The Breakdown: B.A. Paris

The Breakdown: B.A. Paris

Genre: Thriller

Published: 2017

Pages: 328

Cass Anderson’s life changes forever when she drives past a woman sitting in her car on the way home from an outing with her coworkers. She could have stopped (and actually did for a moment), but did nothing to help her. The following day, the woman is found dead.

As her guilt begins to set in, she finds herself forgetting everything, from where she parked to the gift she’d say she’d ordered for a friend of hers. Not comforting is the fact that her mother had early-onset dementia. But when she begins to receive strange phone calls and believes that someone is entering the house, she wonders: is she going crazy, or is someone actually looking for revenge?

This novel is a thrill ride from the get-go that kept me reading.

At first I wanted to roll my eyes. There is a mention of Cass’ missing father just a few pages in. At first, I wanted to be like “UGH SERIOUSLY MORE MISSING FATHERS, B.A. PARIS??” (In case you couldn’t tell, this is one of my biggest writing trope pet peeves these days because they’re in almost every book I read lately and often have no place in the story.)  Fortunately, this issue dissolves making me wonder why it’s there in the first place. But I have to give Paris credit, because there may actually be a reason for the mention of the dead dad. Finally! (If you’ll forgive a minor spoiler, if that, I was also happy to see that the “surprise pregnancy” trope wasn’t here either.) 

There is action in this story from the beginning. Cass is enjoying her simple life as a teacher with her husband until the night of the wreck, when things turn upside down. Readers, including Cass, may believe that the victim’s murderer is following her because she neglected to help the woman in the car. But Cass makes a lot of false assumptions throughout the book, and her faulty memory doesn’t help. Between her legitimate fear of dementia, the possible people or things following her, and more, her readers won’t know who to trust. This suspense is enhanced by the cast of characters: Cass’ fellow schoolteachers including a guy that might like her, her loyal childhood best friend, her husband who just gets more and more annoyed by her memory issues as time goes on, people passing through (like the man installing their house alarm). There are plenty of possible people that could be behind anything. Also interesting is the story of the victim herself. It’s someone that Cass may have ties to. Additionally, the actual crime of the woman’s murder and what is going on in Cass’ life seem to be different stories at times. I enjoyed seeing how everything came together. Yes, it was slightly convoluted. But I wasn’t able to guess anything either and I enjoyed the mind trip.

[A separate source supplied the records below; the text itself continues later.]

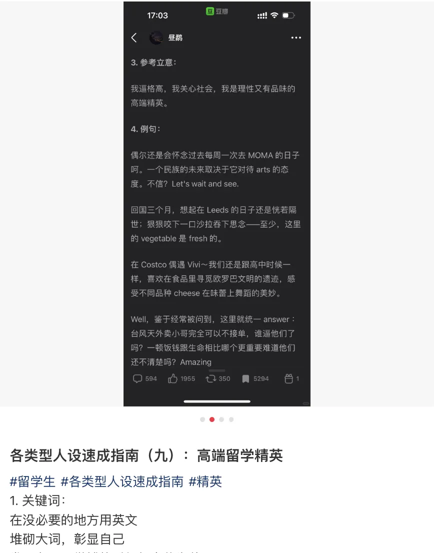 小红书上一搜就能看到各种“留学人设指南”,让你迅速掌握各种咯噔文学,郭敬明看了也汗流浃背: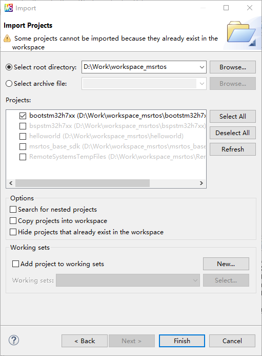 下载完毕后,回到 IoT Studio 里,点击 File > Import... 菜单项,打开工程导入对话框,选择 MS-RTOS Projects 工程类型, 勾选 bootstm32h7xx 工程,点击 Finish 按钮完成导入:
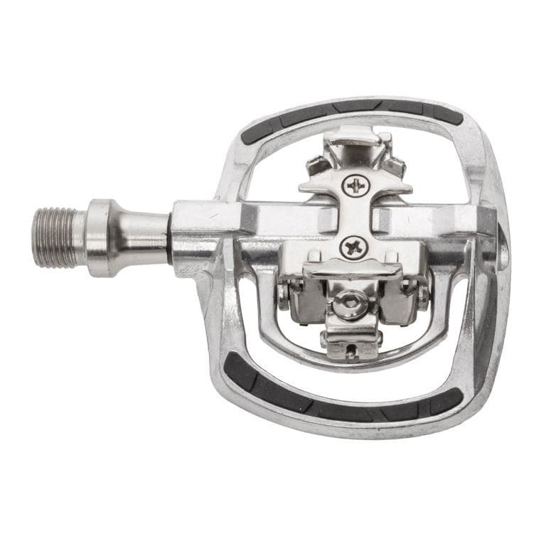 Jednostranný nášľapný pedál M-wave Drag-T1 je využiteľný v meste ako aj pri trekingových jazdách. Pedál kombinuje nášľapný SPD mechanizmus a z druhej strany pedála platformu s protišmykovou gumennou úpravou na normálnu obuv. Zapnutie a vypnutie topánky je ľahšie ako pri klasických MTB pedáloch.Parametre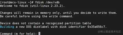 执行下面命令,进入fdisk分区工具,开始对新增数据盘执行分区操作,fdisk新增数据盘,以新挂载的数据盘“/dev/vdb”为例: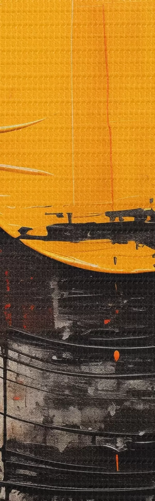 Picturi rotunde Disc portocaliu în interiorul unui inel negru, linii și pete r46550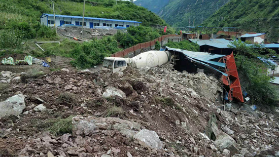8月14日12时44分左右,位于四川凉山州甘洛县的成昆铁路凉红至埃岱站间突发数万方高位岩体崩塌,导致线路再次中断,现场部分抢险人员失联。曹尚/摄(新华社发)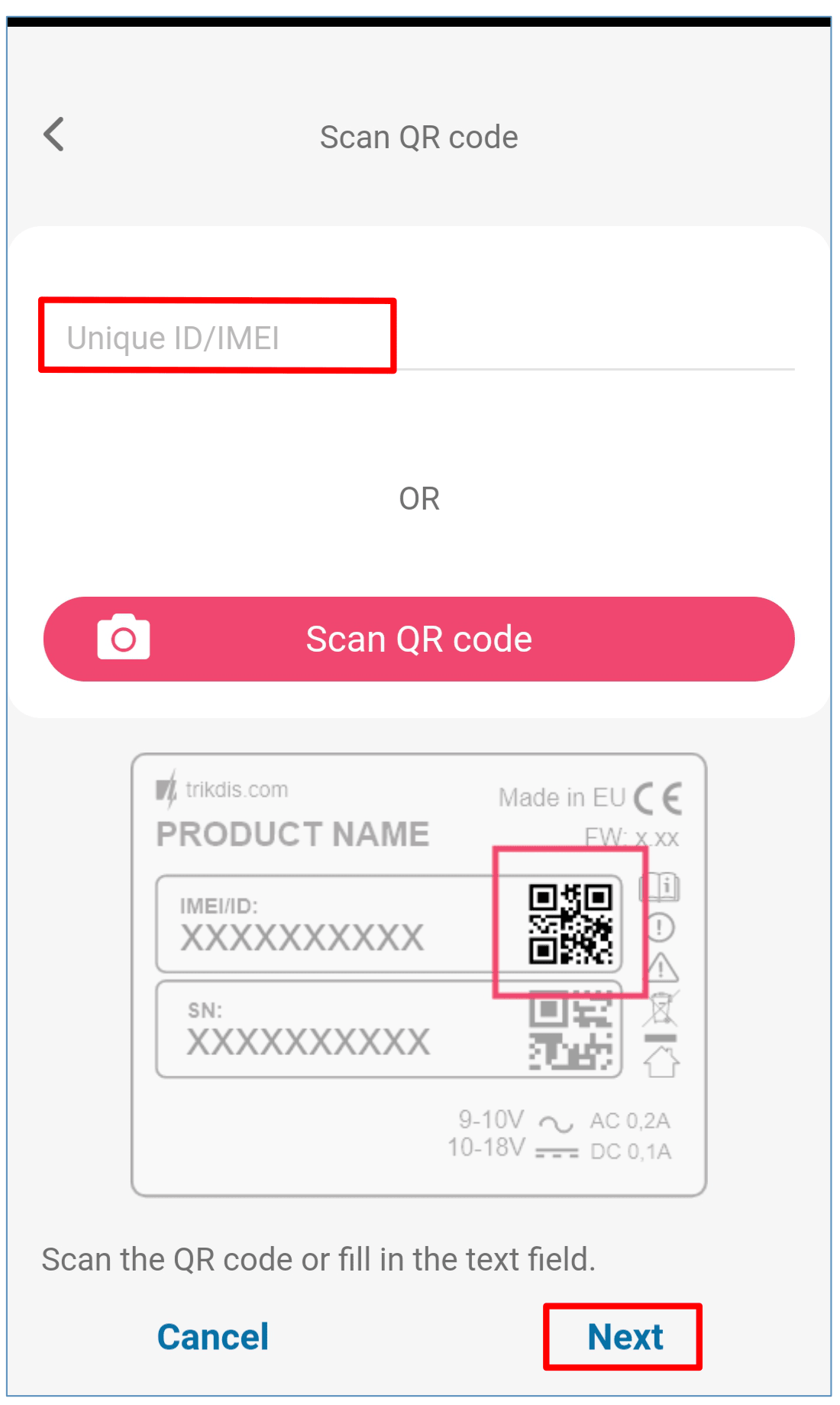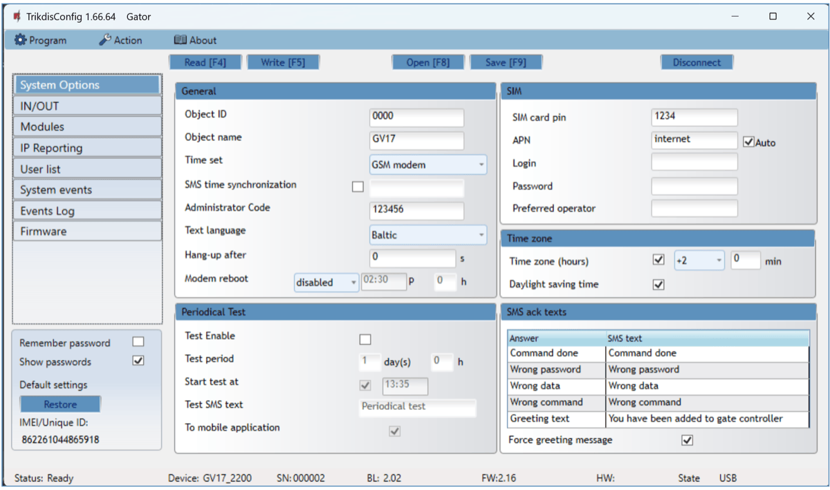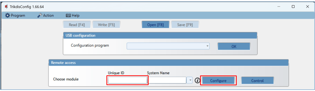 Launch the configuration program TrikdisConfig and in the field “Unique ID” of the “Remote access” section enter the “IMEI/Unique ID” number of your controller (the IMEI number is given on the stickers that can be found on the lower part of the device’s case and on the packaging).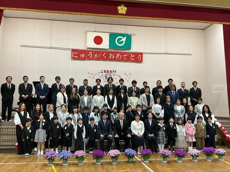 本日、1年生20名が桜山小学校に入学しました。入学式では、ちょっぴり緊張気味でしたが、最後までしっかりと式に参加し、教室では新しい教科書などを手にしました。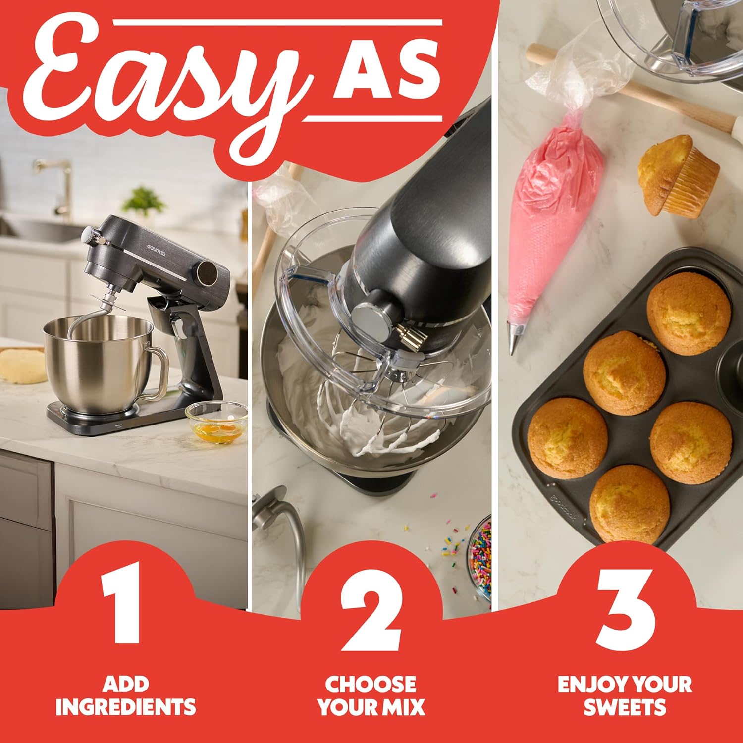 This mixer includes a whisk, dough hook, and flat beater to meet all your baking needs. The tilt-head design and clear splash guard make it simple to add ingredients without creating a mess.

One thing that I was afraid of was predictability–I think most readers familiar with the genre will guess who or what is behind Cass’ breakdown very early on. (To be fair, there is another possible culprit I had in mind.) However, what makes up for this is that figuring out that particular who/what is only one part of the story. There is more going on than meets the eye, and I doubt readers will be able to figure out the entire thing. At least, I didn’t. 

The one thing that did disappoint me was the ending, or rather how it was handled. Cass finds out the reason for everything and…that’s it. It’s very abrupt and there’s not even a thrilling climax with a confrontation or anything. It’s a little exposition-y, and we don’t even see other characters’ reactions. That disappointed me. Although the action and suspense is full speed ahead from page 1, the place where it should have come to a head was lacking in both. 

Still, this was an exciting read and I couldn’t wait to keep coming back for more. I think that her first novel, Behind Closed Doors, is going to be a must-read for me. Again, readers familiar with the genre might find a couple of things predictable but I enjoyed it nonetheless. That does, though, make it a good book to start with if this is your first thriller foray.